In part two of the post, I’ll give a bare-bones sketch of an AI program I wrote that can play an instrumented version of the game Elden Ring in order to assess combat difficulty of the so-called “boss encounters” and help look at a quality we can call “fairness.”

Fair Models and Explainable AI

It’s widely recognized that a good machine learning model should be fair. Fairness is also one of the goals of Explainable AI (often called XAI). This had a nice correlation with the idea of “being fair” to players in a game but also explaining why you think you achieved fairness.

I’ll note here that Explainable AI is a set of methods and tools that can be adopted to make machine learning models understandable to humans in terms of providing explanations on the results that are provided by those models.

The existence of an algorithm does not, by itself, guarantee full explainability and full transparency of a given system in this context. Or, rather, we often don’t directly have the algorithmic steps that have been followed.

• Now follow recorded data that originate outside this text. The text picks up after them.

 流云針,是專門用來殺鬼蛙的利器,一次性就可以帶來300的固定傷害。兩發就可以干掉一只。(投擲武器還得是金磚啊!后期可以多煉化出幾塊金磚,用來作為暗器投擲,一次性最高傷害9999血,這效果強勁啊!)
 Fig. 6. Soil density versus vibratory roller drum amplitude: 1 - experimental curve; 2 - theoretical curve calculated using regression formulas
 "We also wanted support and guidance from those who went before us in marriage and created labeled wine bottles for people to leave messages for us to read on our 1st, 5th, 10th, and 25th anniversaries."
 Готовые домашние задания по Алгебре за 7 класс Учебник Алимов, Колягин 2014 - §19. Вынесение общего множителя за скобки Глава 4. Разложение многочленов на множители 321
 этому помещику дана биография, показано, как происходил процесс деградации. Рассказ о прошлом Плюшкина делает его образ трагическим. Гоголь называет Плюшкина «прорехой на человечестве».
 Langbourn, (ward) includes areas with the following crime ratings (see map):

AI systems learn the rules from data during the learning/training phase and construct the algorithms.

A growing industry focus on Responsible AI is that we want to make our systems more transparent and interpretable to build trust and confidence in their adoption. This is a very wide topic but I’m hoping I can gently introduce the basis of the ideas in these posts.

Games Facilitate Learning

As many of my readers likely know, I’m a big fan of game examples in testing. As I said at one point, testing games is hard. I’ve also indicated that a certain idea of the breadth of testing can be seen best in a game context.

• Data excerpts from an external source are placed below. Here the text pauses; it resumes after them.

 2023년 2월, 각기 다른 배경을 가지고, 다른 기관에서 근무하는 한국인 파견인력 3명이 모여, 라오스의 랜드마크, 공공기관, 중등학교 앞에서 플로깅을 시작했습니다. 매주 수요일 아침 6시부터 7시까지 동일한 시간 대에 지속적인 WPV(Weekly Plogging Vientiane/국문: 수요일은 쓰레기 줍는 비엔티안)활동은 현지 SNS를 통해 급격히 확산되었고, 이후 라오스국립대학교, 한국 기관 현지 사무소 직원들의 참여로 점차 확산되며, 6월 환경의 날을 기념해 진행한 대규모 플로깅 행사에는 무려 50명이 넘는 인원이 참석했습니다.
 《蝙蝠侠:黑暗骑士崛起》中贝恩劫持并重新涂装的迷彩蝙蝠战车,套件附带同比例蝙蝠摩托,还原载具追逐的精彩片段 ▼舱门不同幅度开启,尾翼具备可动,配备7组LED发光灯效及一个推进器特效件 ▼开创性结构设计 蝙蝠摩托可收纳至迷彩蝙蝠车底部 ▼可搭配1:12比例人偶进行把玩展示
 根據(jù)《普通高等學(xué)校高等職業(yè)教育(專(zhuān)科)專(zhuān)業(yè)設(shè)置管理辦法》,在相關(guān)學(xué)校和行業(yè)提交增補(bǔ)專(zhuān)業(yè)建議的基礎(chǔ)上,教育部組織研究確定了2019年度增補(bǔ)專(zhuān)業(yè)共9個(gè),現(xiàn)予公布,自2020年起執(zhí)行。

In my experience, game testing is one of the best ways to hone a series of instincts and intuitions around the testing craft, even if you’re not a gamer. I’ve seen this in my career. I’ve seen it being a contract game tester for various game studios. In fact, I took it so much to heart that I once wrote a game called Test Quest to use as a fun way to conduct interviews.

Here I want to look at how the thinking around AI can be helped by considering a particular gaming context. Now, technically, you could choose any game you wanted here. I’m going to choose to focus on the so-called “Soulsborne” or “Souls-like” titles. These are games that have their mechanics rooted in Dark Souls, which had its mechanics rooted in the earlier Demon’s Souls.

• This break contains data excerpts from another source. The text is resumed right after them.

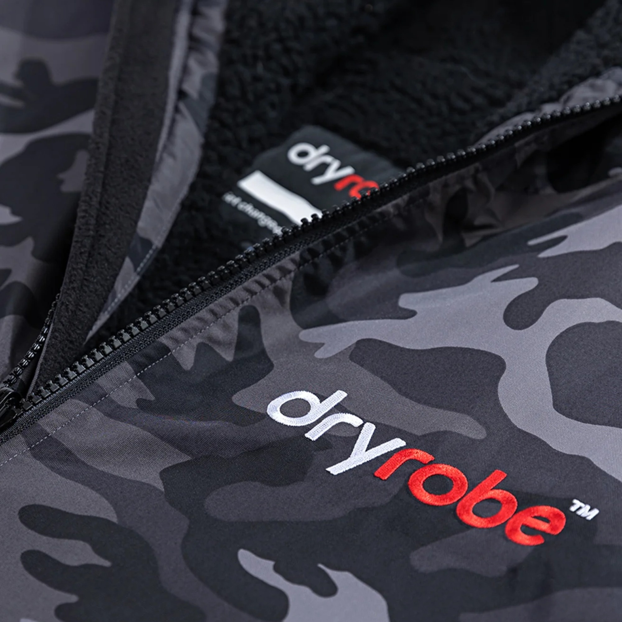 The outer fabric, Dryrobe ExoV-Shell™, is made from 100% recycled nylon and offers waterproof protection up to 25,000 mm. It is finished with BIONIC-FINISH® ECO Durable Water-Repellent, which helps water bead off the surface instead of soaking into the fabric. The outer shell also provides a full barrier against wind, which makes a noticeable difference after a cold session or in bad weather.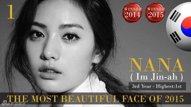 Ca sĩ Hàn Quốc Nana (tên thật là Im Jin Ah) tiếp tục đứng đầu cuộc bầu chọn. Năm ngoái cô cũng được chọn là nữ diễn viên sở hữu gương mặt đẹp nhất thế giới của website này. dẫn đầu danh sách bình chọn của website TC Candler.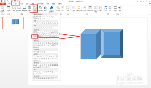 接着点击插入——外形——别离插入一个立方体和棱台,也可以插入其它肆意的外形,调整好位置,可以叠放在一路。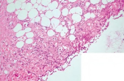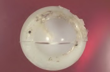 Illustration A shows a polyethylene liner that has undergone catastrophic wear as a result of irradiation in the presence of oxygen.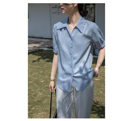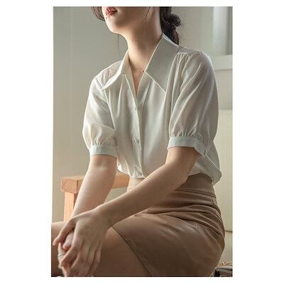 ブラウスシャツ レディース シャツ ブラウス 半袖 前開き トップス 無地 ビジネス カジュアル シンプル おしゃれ ゆったり フォマール 仕事 面接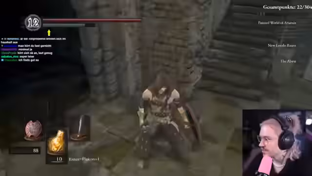 02:30:13Der Streamer hat keine Seelen und kann ein bisschen leveln. Der Streamer könnte zu Kuelag runtergehen oder sich erst Stone Armor holen. Der Streamer holt sich erst den Great Club, da die Waffe einfach viel zu gut ist. Der Streamer braucht ein bisschen stärker und will auf so viel Vitality wie möglich. Blighttown ist das nächste Ziel. Der Streamer nimmt Slugs für große Scherbe mit. Der Streamer hat zum Glück schon vier große Scherben durch die Eidexen gekriegt. Der Streamer nimmt die Gargoyles nebenbei kurz mit und geht zu den Scheiß-Golems. Der Streamer macht Cuprider normal, aber halt, während er Stone Armor trägt wahrscheinlich. Der Streamer wird von einem Golem nicht gehört und fragt, was er für eine Schulter hat. Der Streamer steht genau hinter ihm. Der Streamer kriegt zwei Jaucheküchlein und kann sich selber vergiften. Der Streamer kann den Club nicht anvisieren und der Golem droppt nicht. Der Streamer hält kurz die drei HP wieder hoch und fällt gleich irgendwo runter. Der Streamer atmet erst wieder, wenn er safe unten am Aufzugang angekommen ist. Der Streamer muss sich unten jetzt leider ans Bonfire setzen, da hier noch eine Fliege ist und er keine Lust hat, dass die ihn aus der Luft kickt.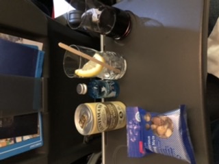 Mitt stora problem från första världen: eftersom den japanska flygvärdinnan inte troligen uppfattade att jag ville fasa dryckerna, så blev det lite trångt på mitt bord under måltiden med tre olika drycker samtidigt. Ack, mitt liv är tufft nu.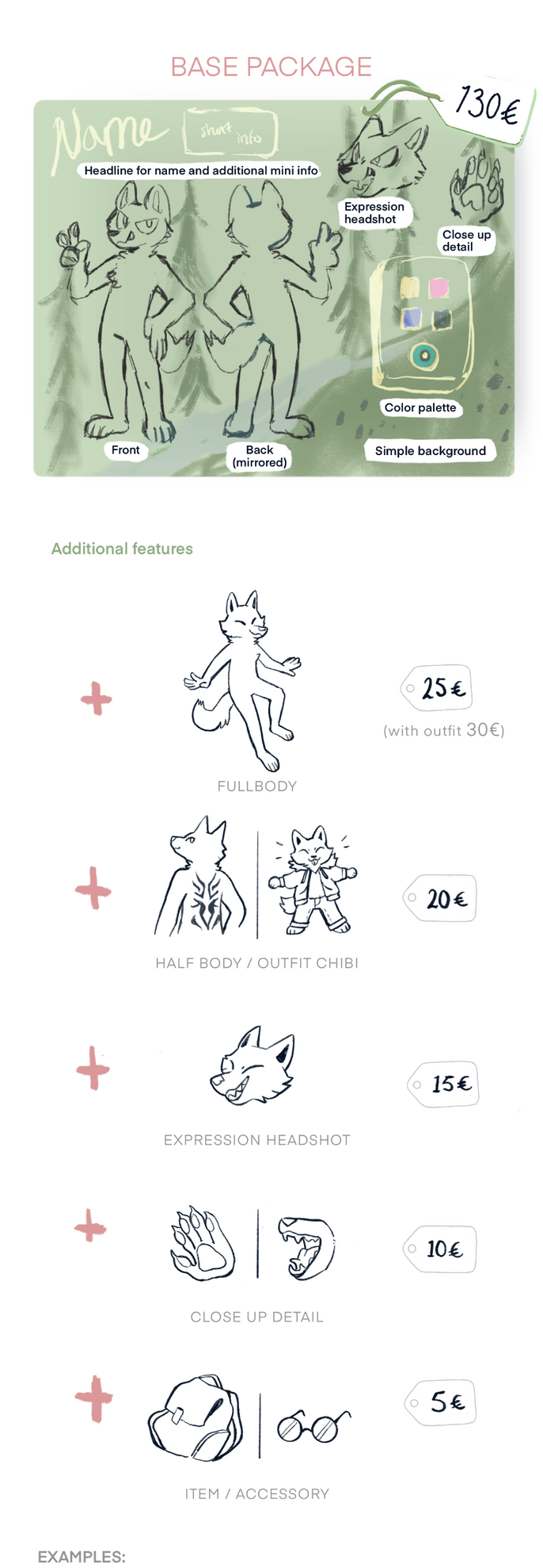 There is standard ”Base package” for Reference sheet commission where you can put more additional features.If you want less things in your reference sheet than what is included in base package, we can discuss for the right price for you.Prices are indicative, if you had pick many additional features I can give a small discount for you.Very complex character designs can raise the price.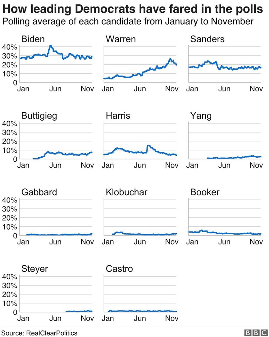 Khi bạn nhìn vào số người ủng hộ họ trong các cuộc khảo sát trong biểu đồ bên dưới, dễ dàng nhận thấy bà Warren là ứng cử viên đang có đà rất lớn, từ mức trung bình khoảng 5% trong tháng 1, đến tháng 11 bà đã đạt 20% người ủng hộ.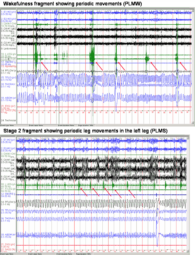 The second fragment shown below is a 5 minute fragment from the same patient obtained during Stage 2 sleep; note the periodic leg movements (see arrows). PLMs are seen in approximately 80% of patients with RLS and are supportive features of a diagnosis of RLS if the one or more of the four characteristic features are not present or not classic.
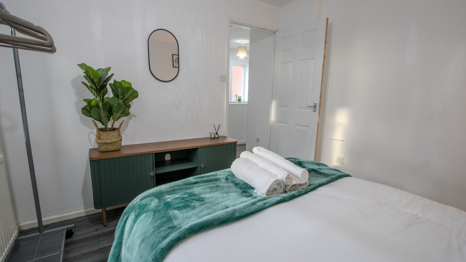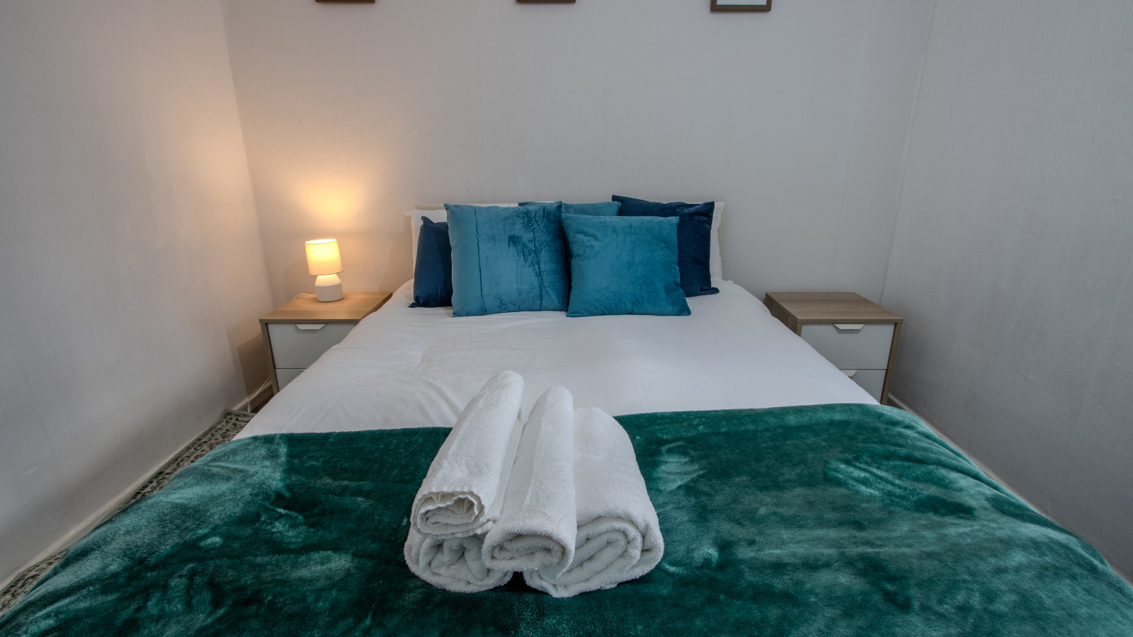 The house boasts two spacious bedrooms with stylish and comfortable beds to sink into after a long day. The bedrooms beckon with double-sized beds draped in high-quality linens. We've added personal touches to make your stay even more special, such as bedside lamps, mirror and a large wardrobe.

To make this as current as possible with a game that a lot of people played relatively recently, I’ll focus on Elden Ring. I have history with this game anyway, as you can read in my ludonarrative testing posts.

I realize not everyone may be a gamer. But I think games are intrinsically understandable, even if you don’t play them. My goal here is to help people, testers in particular, conceptualize AI around an activity that they might be familiar with already or at least one that they can relate to.

If nothing else, you can imagine this like any other scenario where you’ve had to step in and work on an application you’ve never seen before and you have to learn about it. In fact, consider that an AI would be in no better position than you in a situation where you’re entirely unfamiliar with the game but, like you, has to learn about it.

The Game Context

First, let’s get some of the basics of Elden Ring down just so everyone has the same level of understanding.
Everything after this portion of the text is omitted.